Author Sarah Ban Breathnach says “success arrives only after we have mastered failing better.” Boy, nowhere is this more true than in the garden. How many special, must-have plants have you dragged home from the nursery, only to find they were not happy in your garden? How many seeds have you planted, only to have ants carry them off for their own anty munching? If we were to let our failures in the garden stop us, we would all have yards filled with nothing but weeds and dirt. Gardening teaches perseverance like nothing else I know. Stick to it long enough, though, and you WILL find the perfect plants for your little corner of the world. You’ll learn how to protect newly planted seeds from marauding ants. And you will definitely begin to reap the rewards of your hard work. Just don’t give up. Plant and plant again. Learn more about what succeeds in your zone, something you can’t always tell by what’s available at your local generic or “big box” garden centers. Talk to other gardeners in your area, join an online garden group, join a local garden club, and read, read, read. As your knowledge grows, so will your plants. But always bear in mind that the best teacher of all is failure. Just learn to fail better! And did I mention never give up?
Roses In The Garden
“I’d rather have roses on my table than diamonds on my neck.”
BELINDA’S DREAM SHRUB ROSE
I have no use for diamonds, either, but roses, I can’t live without! Growing them in Florida is always a challenge, with our extremes of weather and the constant humidity. Plenty of sun, but plenty of wet weather, giving blackspot and powdery mildew a foothold every summer. But still, for me, it is worth the extra work to have roses in my garden.
I no longer delude myself into thinking I can keep an entire bed of roses looking good, but I have found if I scatter the roses here and there, with plenty of other plants around them, it works. The surrounding plants will disguise the rose when it is not performing at its best, thus giving me a chance to prune it back, feed it thoroughly, and wait for it to return to glory. Roses have amazing recuperative powers, and 99 times out of a hundred, like a certain terminator we all know, they’ll be back!
Here are a few pictures of some of my current favorites. (Click on the picture to see a larger version).
ALL AMERICAN MIRACLE
This rose is smallish for me, and struggles with blackspot, but the spectacular red & yellow striped blooms fade to pink & white, and are worth the effort.
DON JUAN CLIMBING HYBRID TEA
An old standard for years, Don Juan has a wonderful fragrance, and an exceptionally deep red color. It’s hardy, and seems to be less prone to disease and pests than many varieties.

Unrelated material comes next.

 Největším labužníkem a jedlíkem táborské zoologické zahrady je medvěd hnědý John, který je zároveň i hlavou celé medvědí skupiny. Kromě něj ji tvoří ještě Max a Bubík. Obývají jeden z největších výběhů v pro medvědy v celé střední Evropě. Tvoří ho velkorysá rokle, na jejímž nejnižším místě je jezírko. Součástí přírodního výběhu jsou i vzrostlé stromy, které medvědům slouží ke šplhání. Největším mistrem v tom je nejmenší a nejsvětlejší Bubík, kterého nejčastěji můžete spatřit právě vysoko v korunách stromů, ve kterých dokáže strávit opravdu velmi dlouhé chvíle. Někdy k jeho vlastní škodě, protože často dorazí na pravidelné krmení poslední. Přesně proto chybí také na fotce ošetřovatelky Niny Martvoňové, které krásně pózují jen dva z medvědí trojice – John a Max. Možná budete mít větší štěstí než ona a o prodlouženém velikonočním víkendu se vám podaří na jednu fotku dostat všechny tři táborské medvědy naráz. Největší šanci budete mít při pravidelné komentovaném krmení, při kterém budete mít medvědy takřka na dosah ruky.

This is a David Austin rose, and one of the most beautiful & fragrant roses I have in my garden. Austen’s roses have the look & vigor of old roses, and are so easy to grow.
FLORIDA HOME RUN PINK
The Home Run series of single roses with a wild rose look was developed by the popular KnockOut Rose folks. So far, I love this little rose, and it blooms constantly. We’ll see how it performs as it gets bigger.

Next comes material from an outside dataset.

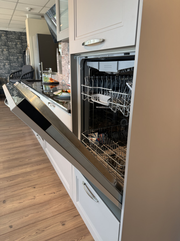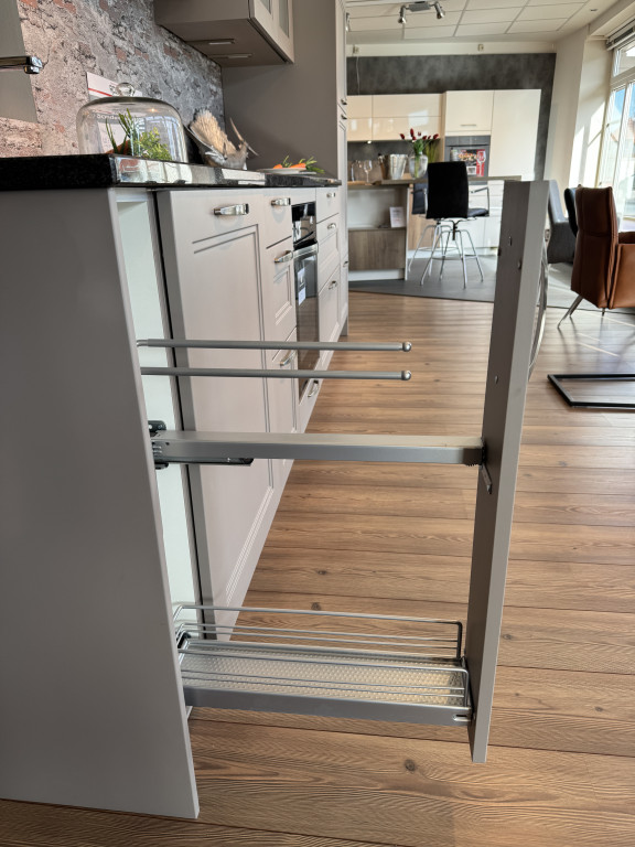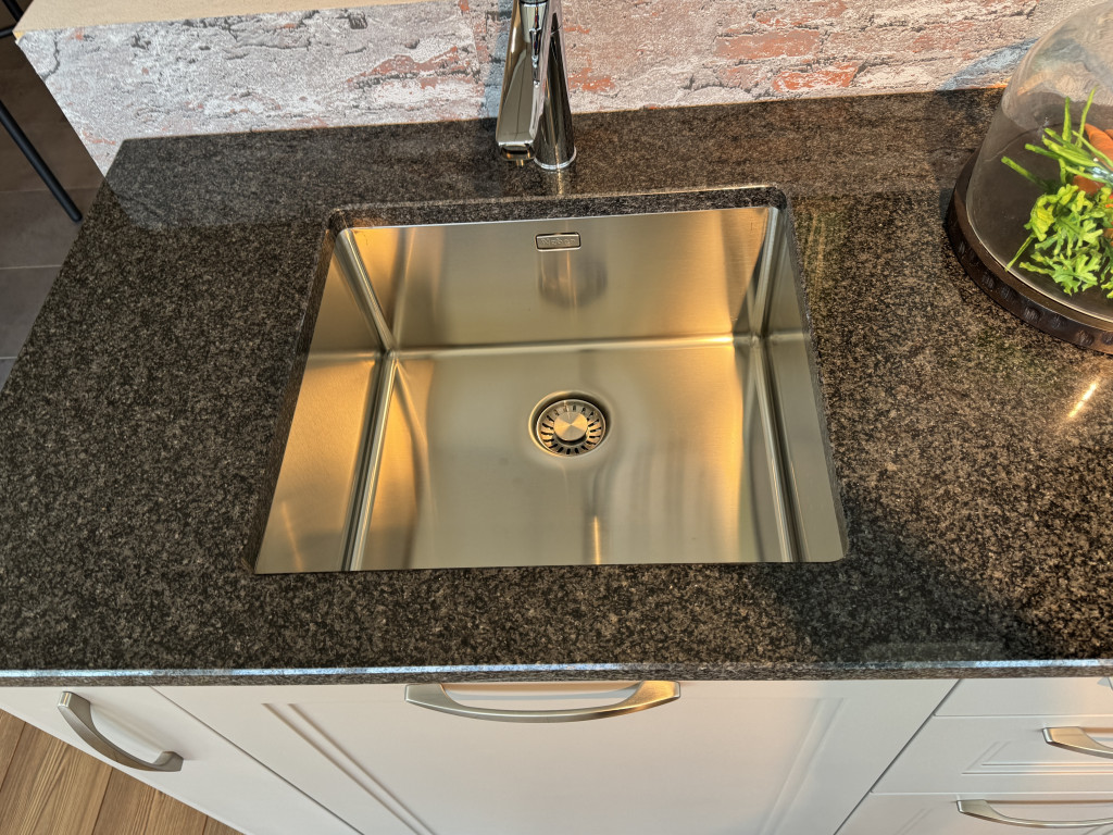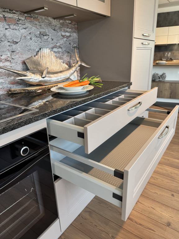 Musterküche TORINOtrüffelgrau lackiertmit Granit-ArbeitsplatteConstrukta ElektrogerätenEdelstahl-UnterbauspüleMischbatterieUnterbauleuchtenAbholpreis
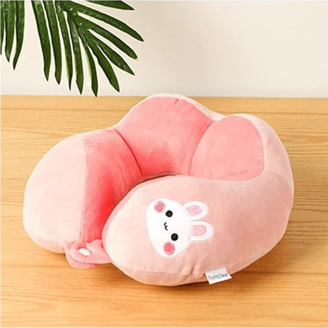 Perna de Calatorie, Flippy, Pentru Gat si Cap, Umplutura din Bumbac, 28x28x10 cm, cu Model Brodat Iepure, Roz

BELINDA’S DREAM SHRUB ROSE
This is definitely the most dependable and consistently beautiful rose I grow. It repeat blooms all year long, and the gorgeous pink flowers have a terrific fragrance. They last a long time in a vase, too, making this one a winner all the way around.
Do you grow roses in your garden? I’m interested in hearing which perform best for you, especially if you have a Florida garden? Or if you grow under similar conditions.